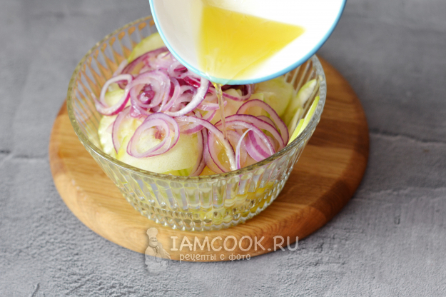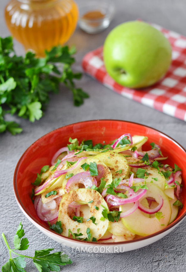 В миску сложите ломтики яблок, ошпаренный лук и полейте заправкой. Всё перемешайте и салат из яблок и лука готов. Соль не нужна! Вся фишка в сладкой заправке.
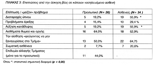 Διαταραχές ύπνου και αύξηση συμπτωματολογίας κατάθλιψης προβάλλει το 19,2% του προσωπικού και το 55,9% των ασθενών (στατιστικά σημαντική διαφορά, p<0,05), ως συναισθηματικές επιπτώσεις στον εαυτό τους από την επιθετικότητα και την άσκηση βίας στο Ψυχιατρικό Τμήμα (Πίνακας 3).
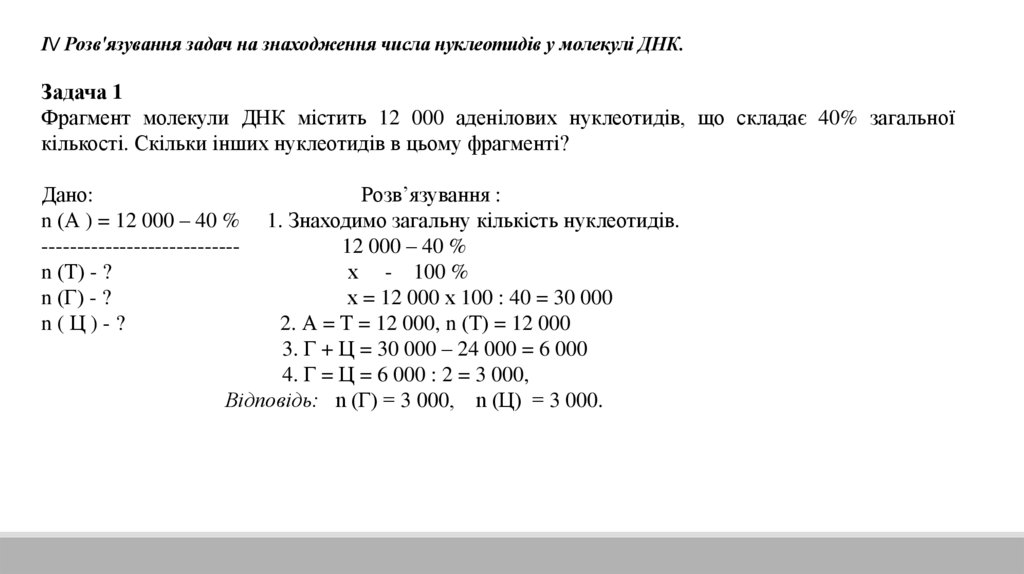 І\/ Розв'язування задач на знаходження числа нуклеотидів у молекулі ДНК.Задача 1
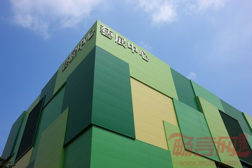 主楼整体设计以黄金分割的手法,通过体量的凹凸大小、色彩的渐变产生了极强的视觉冲击力,那一片绿色,春意盎然,令人心情舒畅。
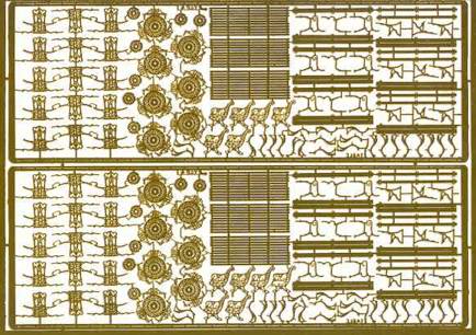 Also on this fret are numerous weather vanes complete with distinctive decoration (cat, rooster, sunburst, etc.), various ornate sign boards for storefronts, cafes or pubs, and... several wrought-iron style plant or sign hangers. There is an amazing amount of incredibly detailed N-Scale hardware on this fret. Our pictures don't do it justice, and... there's 2 sets of everything!
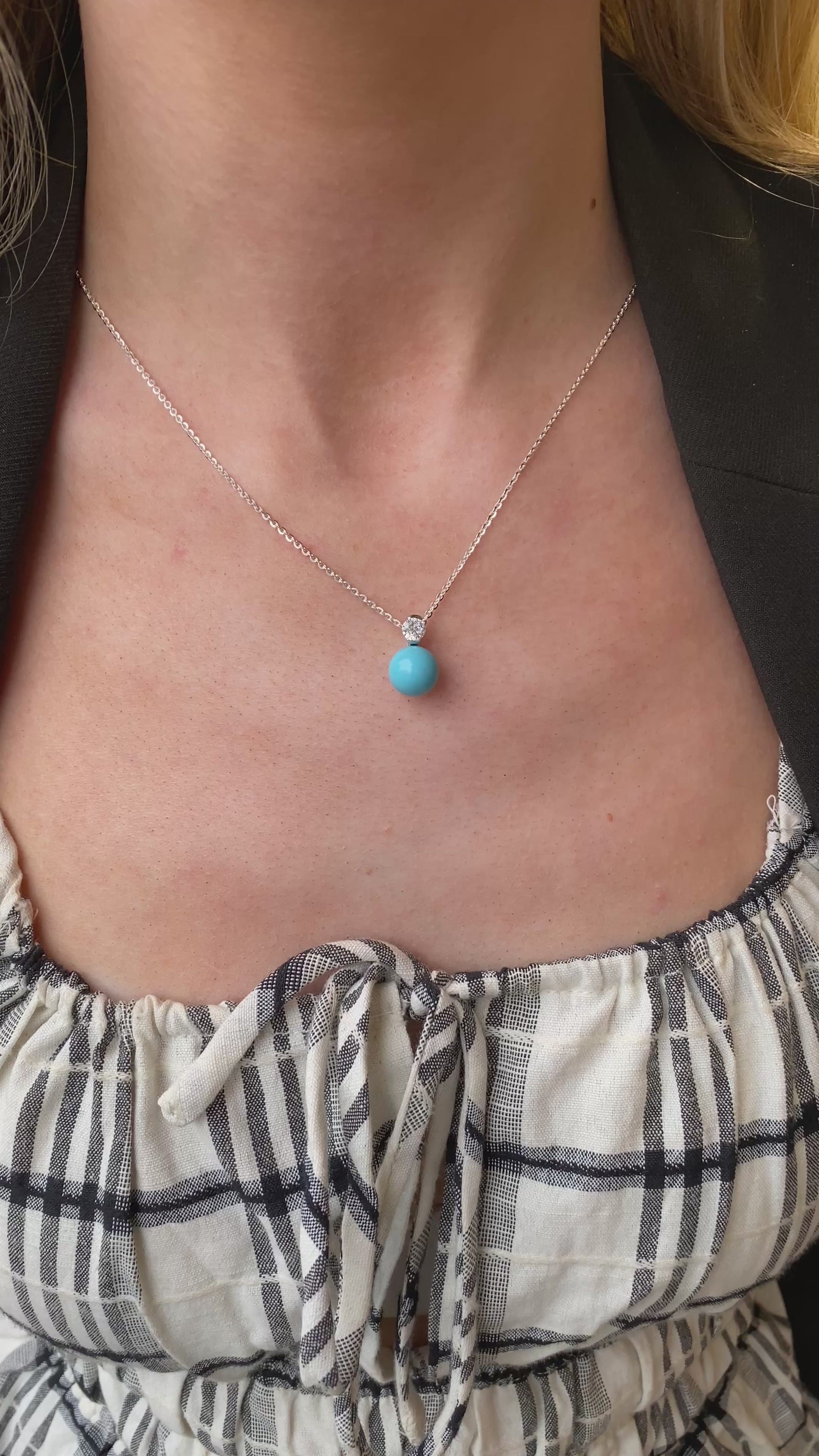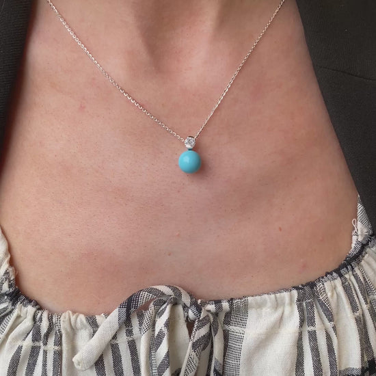 Silver 10mm Synthetic Turquoise & CZ Pendant Necklace | 18"
* * *
> [Your assignment]:
The lines from the start of the records above through the line that holds "Διαταραχές ύπνου και" are to be copied exactly, both ends included, and no pictures are to be copied.

> [Output of the exercise]:
 В миску сложите ломтики яблок, ошпаренный лук и полейте заправкой. Всё перемешайте и салат из яблок и лука готов. Соль не нужна! Вся фишка в сладкой заправке.
 Διαταραχές ύπνου και αύξηση συμπτωματολογίας κατάθλιψης προβάλλει το 19,2% του προσωπικού και το 55,9% των ασθενών (στατιστικά σημαντική διαφορά, p<0,05), ως συναισθηματικές επιπτώσεις στον εαυτό τους από την επιθετικότητα και την άσκηση βίας στο Ψυχιατρικό Τμήμα (Πίνακας 3).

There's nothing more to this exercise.